Exercise details -> Only the lines below from the one that contains "2020年11月18-20日" through the one that contains "This pastel-hued shirt" should appear in your answer, exact and without pictures.

Input for this task ->
= = = = =
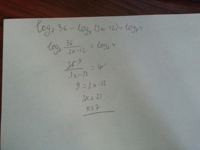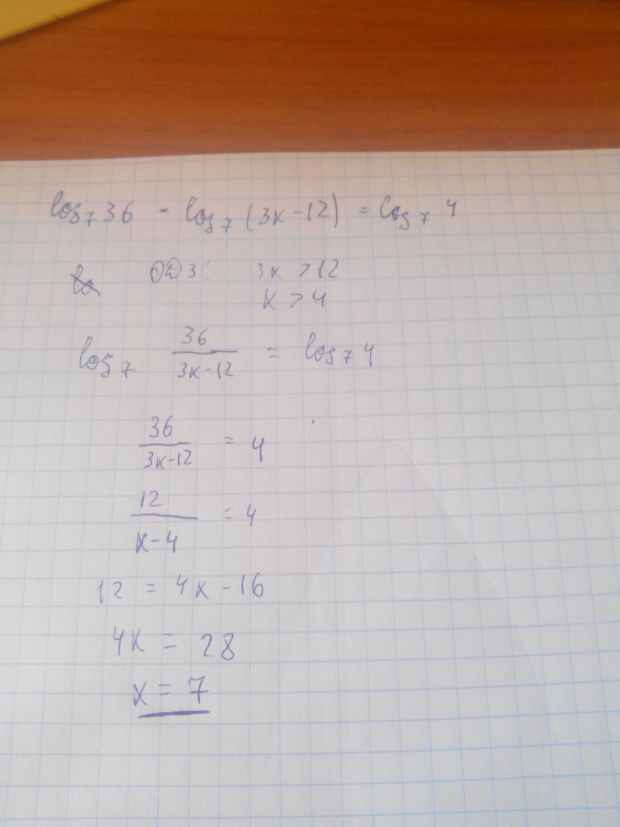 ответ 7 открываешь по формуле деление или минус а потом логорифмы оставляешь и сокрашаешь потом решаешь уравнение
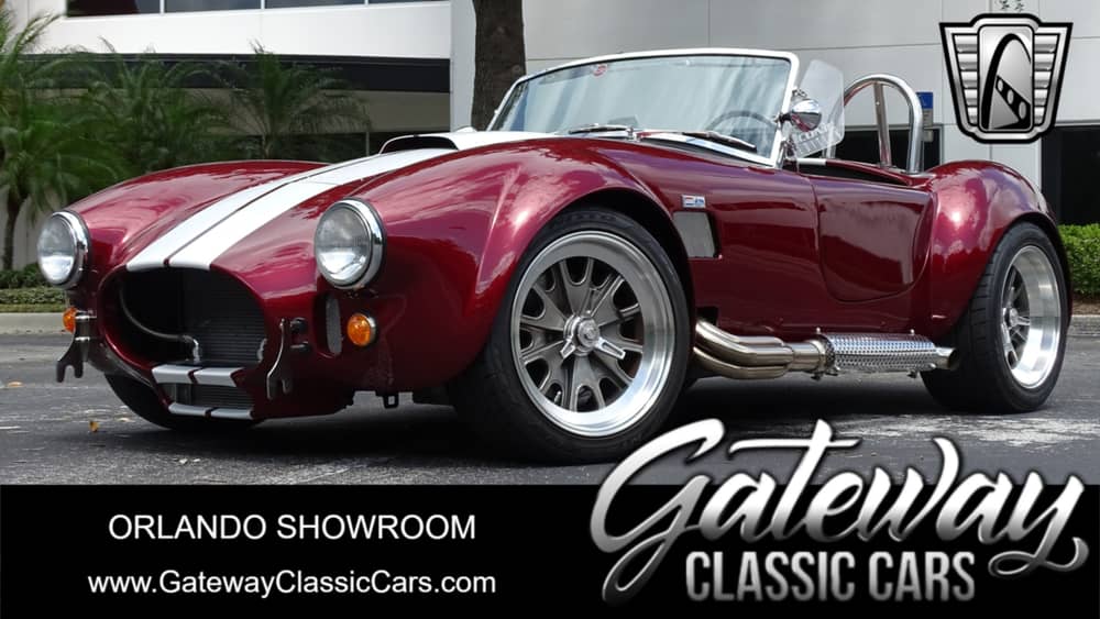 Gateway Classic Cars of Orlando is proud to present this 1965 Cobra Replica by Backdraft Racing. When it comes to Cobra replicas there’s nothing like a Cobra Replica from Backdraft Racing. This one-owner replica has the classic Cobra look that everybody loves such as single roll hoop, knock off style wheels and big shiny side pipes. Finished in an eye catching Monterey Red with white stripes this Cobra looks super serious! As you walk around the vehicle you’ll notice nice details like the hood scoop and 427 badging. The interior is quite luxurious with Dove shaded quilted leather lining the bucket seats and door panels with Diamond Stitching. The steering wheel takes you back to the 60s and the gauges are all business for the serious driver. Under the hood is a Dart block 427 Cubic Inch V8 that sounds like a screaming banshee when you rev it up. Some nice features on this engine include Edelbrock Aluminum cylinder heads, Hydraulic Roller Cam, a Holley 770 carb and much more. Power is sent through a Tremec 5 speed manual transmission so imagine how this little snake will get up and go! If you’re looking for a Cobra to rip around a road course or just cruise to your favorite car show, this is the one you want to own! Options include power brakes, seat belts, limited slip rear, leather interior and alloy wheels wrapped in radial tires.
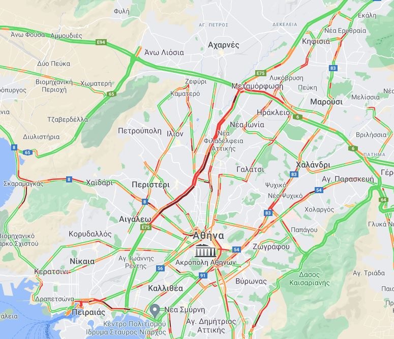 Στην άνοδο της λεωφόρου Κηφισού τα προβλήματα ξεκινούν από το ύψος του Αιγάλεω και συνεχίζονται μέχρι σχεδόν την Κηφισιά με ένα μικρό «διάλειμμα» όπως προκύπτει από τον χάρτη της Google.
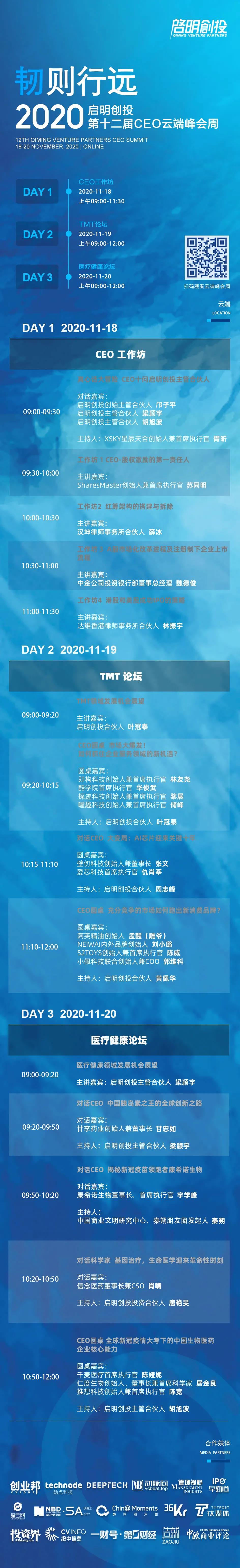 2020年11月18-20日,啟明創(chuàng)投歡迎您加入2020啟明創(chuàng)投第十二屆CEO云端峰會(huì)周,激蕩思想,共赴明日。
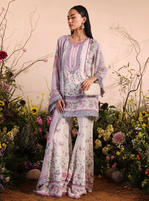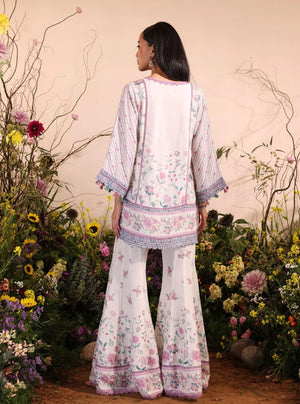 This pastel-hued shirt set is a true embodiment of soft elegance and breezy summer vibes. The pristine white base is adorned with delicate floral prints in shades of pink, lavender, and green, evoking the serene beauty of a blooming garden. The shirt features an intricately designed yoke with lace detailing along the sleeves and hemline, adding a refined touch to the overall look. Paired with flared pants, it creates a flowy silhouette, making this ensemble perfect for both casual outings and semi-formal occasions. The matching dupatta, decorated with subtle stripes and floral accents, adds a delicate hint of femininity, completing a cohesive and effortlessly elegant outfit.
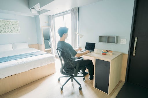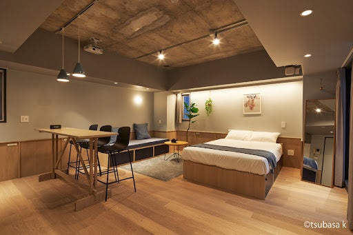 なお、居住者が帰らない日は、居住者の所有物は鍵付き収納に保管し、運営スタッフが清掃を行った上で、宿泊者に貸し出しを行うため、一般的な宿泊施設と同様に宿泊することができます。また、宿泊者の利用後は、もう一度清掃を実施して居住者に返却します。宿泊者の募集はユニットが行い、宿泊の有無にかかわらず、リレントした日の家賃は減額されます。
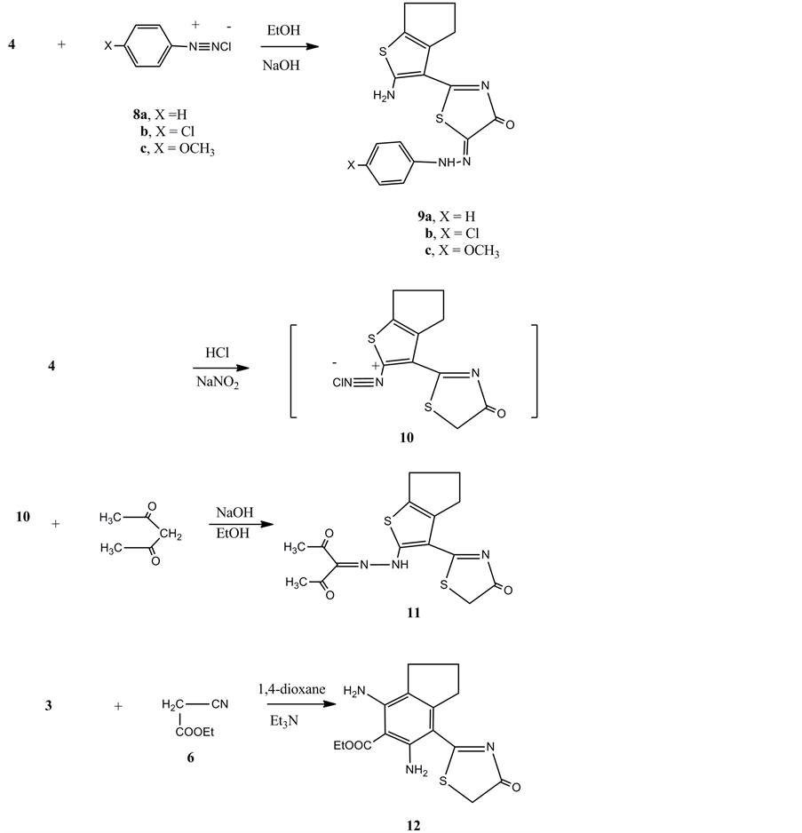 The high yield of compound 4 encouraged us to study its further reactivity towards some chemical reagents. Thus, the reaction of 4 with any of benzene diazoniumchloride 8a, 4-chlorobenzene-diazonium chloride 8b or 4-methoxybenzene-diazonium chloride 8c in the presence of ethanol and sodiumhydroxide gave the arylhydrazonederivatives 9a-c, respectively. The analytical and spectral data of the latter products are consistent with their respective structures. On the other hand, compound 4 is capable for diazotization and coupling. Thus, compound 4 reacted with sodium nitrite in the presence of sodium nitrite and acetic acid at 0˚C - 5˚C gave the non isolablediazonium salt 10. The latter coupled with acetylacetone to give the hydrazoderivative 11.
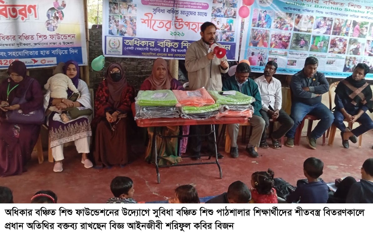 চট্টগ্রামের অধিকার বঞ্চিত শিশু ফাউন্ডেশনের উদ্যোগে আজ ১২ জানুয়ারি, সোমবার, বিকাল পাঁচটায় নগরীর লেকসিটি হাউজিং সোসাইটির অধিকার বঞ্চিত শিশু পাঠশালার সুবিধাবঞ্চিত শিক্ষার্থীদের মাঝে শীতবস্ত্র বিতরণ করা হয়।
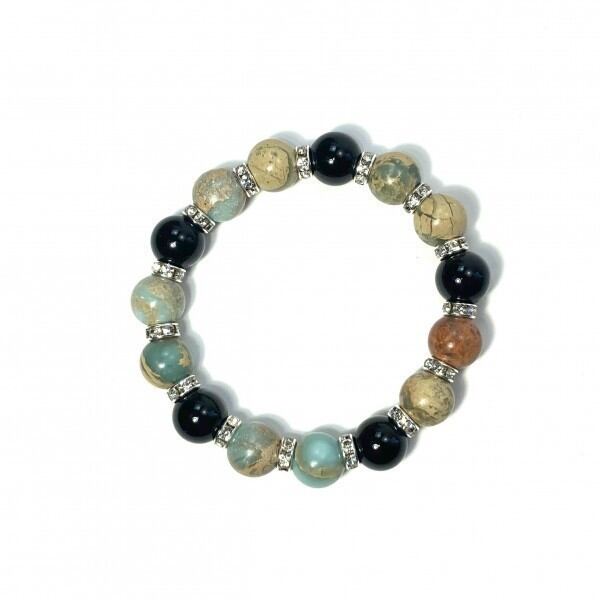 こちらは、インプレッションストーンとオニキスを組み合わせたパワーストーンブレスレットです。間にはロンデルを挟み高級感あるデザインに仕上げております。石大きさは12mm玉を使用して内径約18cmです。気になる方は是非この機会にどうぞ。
= = = = =
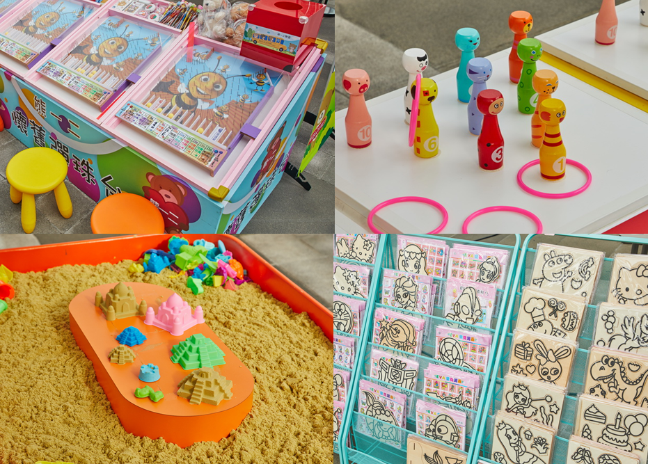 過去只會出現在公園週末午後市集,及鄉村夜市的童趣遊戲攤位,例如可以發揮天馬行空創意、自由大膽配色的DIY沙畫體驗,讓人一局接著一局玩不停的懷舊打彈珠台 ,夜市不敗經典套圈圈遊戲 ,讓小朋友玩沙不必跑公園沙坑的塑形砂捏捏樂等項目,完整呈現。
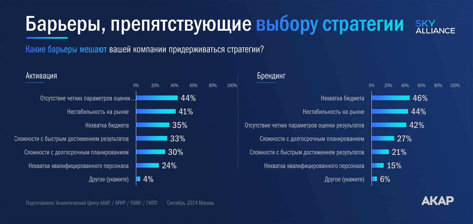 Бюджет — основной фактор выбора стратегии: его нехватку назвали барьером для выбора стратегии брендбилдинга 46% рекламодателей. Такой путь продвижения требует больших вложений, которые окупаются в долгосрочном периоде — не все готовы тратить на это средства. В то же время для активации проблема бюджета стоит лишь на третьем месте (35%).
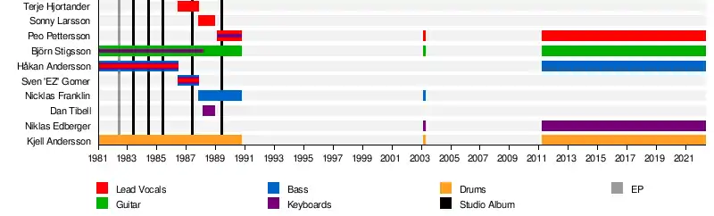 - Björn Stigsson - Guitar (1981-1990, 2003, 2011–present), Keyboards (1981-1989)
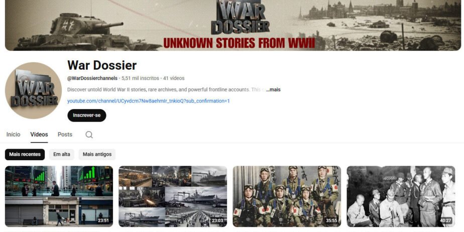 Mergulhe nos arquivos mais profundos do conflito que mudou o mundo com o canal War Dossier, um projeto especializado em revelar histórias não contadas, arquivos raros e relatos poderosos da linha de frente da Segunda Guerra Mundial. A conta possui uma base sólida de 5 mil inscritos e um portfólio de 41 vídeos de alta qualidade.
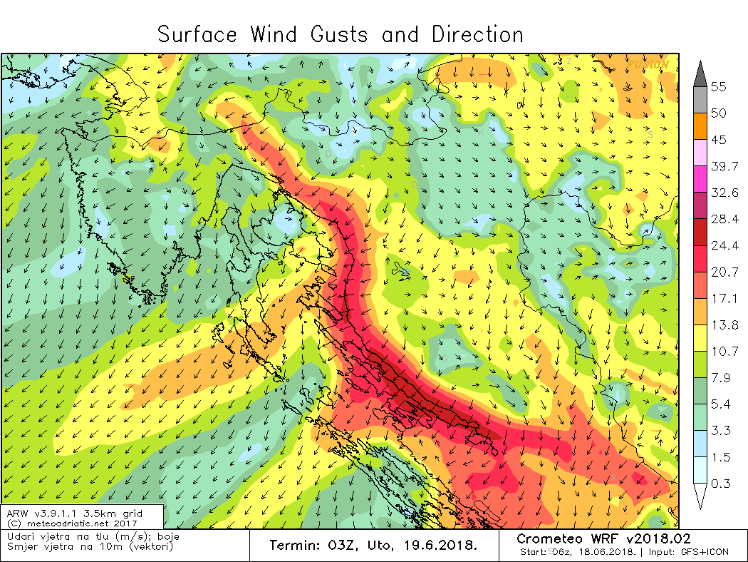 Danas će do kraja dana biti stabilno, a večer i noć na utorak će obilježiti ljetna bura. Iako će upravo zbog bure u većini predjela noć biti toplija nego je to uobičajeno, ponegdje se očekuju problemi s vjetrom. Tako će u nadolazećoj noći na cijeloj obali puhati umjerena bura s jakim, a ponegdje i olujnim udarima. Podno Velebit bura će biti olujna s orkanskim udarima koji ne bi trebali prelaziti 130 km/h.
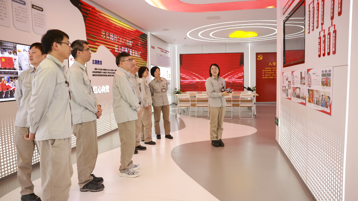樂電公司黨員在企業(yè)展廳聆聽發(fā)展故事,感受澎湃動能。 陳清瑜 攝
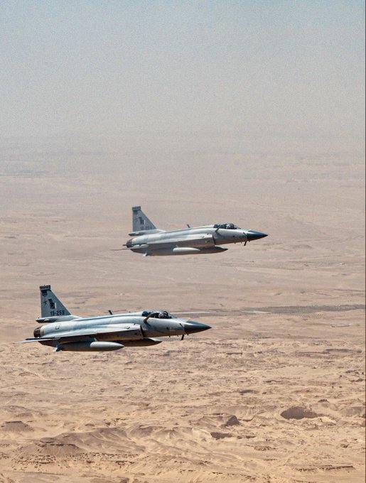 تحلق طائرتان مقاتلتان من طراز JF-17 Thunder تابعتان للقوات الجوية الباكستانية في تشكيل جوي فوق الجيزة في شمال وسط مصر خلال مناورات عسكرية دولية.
= = = = =
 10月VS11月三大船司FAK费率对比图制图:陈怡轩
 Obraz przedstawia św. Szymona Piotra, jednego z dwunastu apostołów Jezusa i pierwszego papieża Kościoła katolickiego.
= = = = =
Answer to this task ->
 2020年11月18-20日,啟明創(chuàng)投歡迎您加入2020啟明創(chuàng)投第十二屆CEO云端峰會(huì)周,激蕩思想,共赴明日。
 This pastel-hued shirt set is a true embodiment of soft elegance and breezy summer vibes. The pristine white base is adorned with delicate floral prints in shades of pink, lavender, and green, evoking the serene beauty of a blooming garden. The shirt features an intricately designed yoke with lace detailing along the sleeves and hemline, adding a refined touch to the overall look. Paired with flared pants, it creates a flowy silhouette, making this ensemble perfect for both casual outings and semi-formal occasions. The matching dupatta, decorated with subtle stripes and floral accents, adds a delicate hint of femininity, completing a cohesive and effortlessly elegant outfit.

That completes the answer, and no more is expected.